Using AI to generate consistent characters and locations (from different angles) is still a challenge, although models continue to improve. A few recent examples of successes and failures.
Consistent Characters
I typically start from a head/face, then expand to a full body. But generating the same character from multiple angles (front, rear, side, etc) has proven difficult for me. Some of the newer models have got better, and now I frequently start with a close up on a head/face. Then I extend the artwork to a full body, but asking the AI to generate multiple profiles of the full body at the same time. The better (newer) models seem to handle this increasingly well, with consistency across the angles.
So no trained Lora, just image generation including multiple angles of the same character.
For example, here is a robot head I am working on at present:

I first tried expanding to a single body shot, but then spent a long time trying to get the side and rear profiles looking correct.
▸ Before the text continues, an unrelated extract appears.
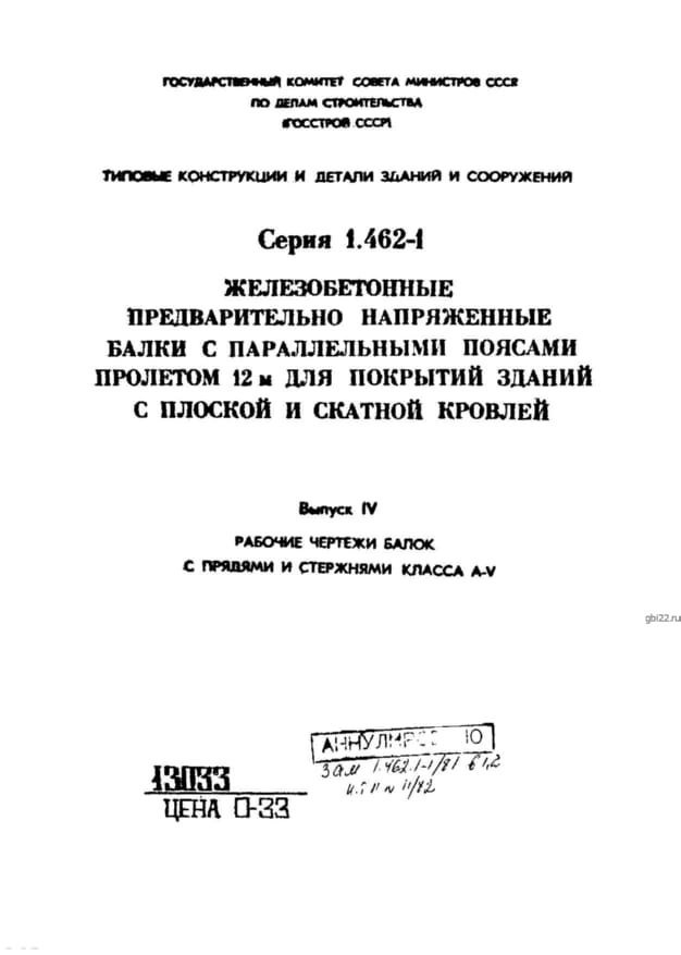 | Название стандарта | Железобетонные предварительно напряженные балки с параллельными поясами пролетом 12м для покрытий зданий с плоской и скатной кровлей. |

Instead, I asked the model (in this case QWEN Image Edit) to create multiple profiles at the same time using the following prompt:
The image is head and shoulders of a male robot.
Make metal on body have more reflections, looks expensive, gleaming clean metal mirror finishes. Preserve original dimensions and features. Chrome with some gold trim. Transparent panels reveal detailed interior workings.
Expand to full body reference sheet of consistent full frontal view, side view and rear view.
The chest has a futuristic star nebulae pattern on it, futuristic, detailed, bold, faintly glowing blue consistent with eyes.
After a few attempts, the best result I got for the above was as follows.

The consistency was higher generating multiple profiles of the character at the same time.
Consistent Locations
Another problem is how to generate consistent looking backgrounds? I wrote one article previously ComfyUI and cropping from 350 images, but another approach is again to ask an AI model to generate consistent looking images in say a 3×3 grid.
My first attempt with Google Nano Banana gave a few shots, but with many repeats. I could not crack the nut of a good prompt that would work consistently.

Then I gave Nano Banana Pro (Gemini 3) a try, and got better results. No changes to the prompt, just a newer model. It is not perfect, but it did deliver better results.

I got the prompt below from a LinkedIn article (but unfortunately lost the original source). I then made some adjustments for my characters, location, and desired shots.
Use the uploaded characters as references, keeping facial structure, proportions, and identity exactly consistent with the character reference and naturally integrated into the scene.
They sit directly opposite each other at a table inside [LOCATION], arranged for a dialogue sequence.
All panels must appear as [VISUAL STYLE] frames (e.g. live action, anime).
Build a single 3x3 cinematic storyboard grid, panels clearly separated by thin borders, counted left to right, top to bottom, adhering strictly to the shot structure below:
1: The Master Shot — wide, slightly elevated establishing frame that maps the spatial relationship between characters, table and environment, revealing architectural context and background movement.
2: The Two-Shot — balanced medium-wide frame at seated eye level, holding both characters in equal visual weight across the table, preserving clean eye-line continuity.
3: Over-the-Shoulder (Character A) — camera placed just behind Character A’s shoulder on the established side of the axis, using their shoulder as a soft foreground frame while focusing on Character B.
4: Over-the-Shoulder (Character B) — camera remains on the same conversational axis, positioned behind Character B’s shoulder, maintaining consistent screen direction and spatial logic while framing Character A.
5: Medium Close-Up (Character A) — chest-up framing, with controlled contrast and softly diffused background detail.
6: Medium Close-Up (Character B) — chest-up framing mirroring the previous shot, maintaining visual rhythm and lighting continuity.
7: Close-Up (Character A) — tight facial framing capturing fine emotional detail, shallow depth of field isolating the subject from the environment.
8: Close-Up (Character B) — tight facial framing counterbalancing the previous close-up, matching lens behavior and lighting quality.
9: Insert Shot — extreme close-up of [PHYSICAL DETAIL]
Conclusions
Consistent characters is still a hard but important problem. But it is getting easier. Modern models are being more successful of generating a result with multiple images of the target character or location from different angles, using a single prompt. In my experience so far, this has been more reliable than trying to generate different angles of the character one generation at a time.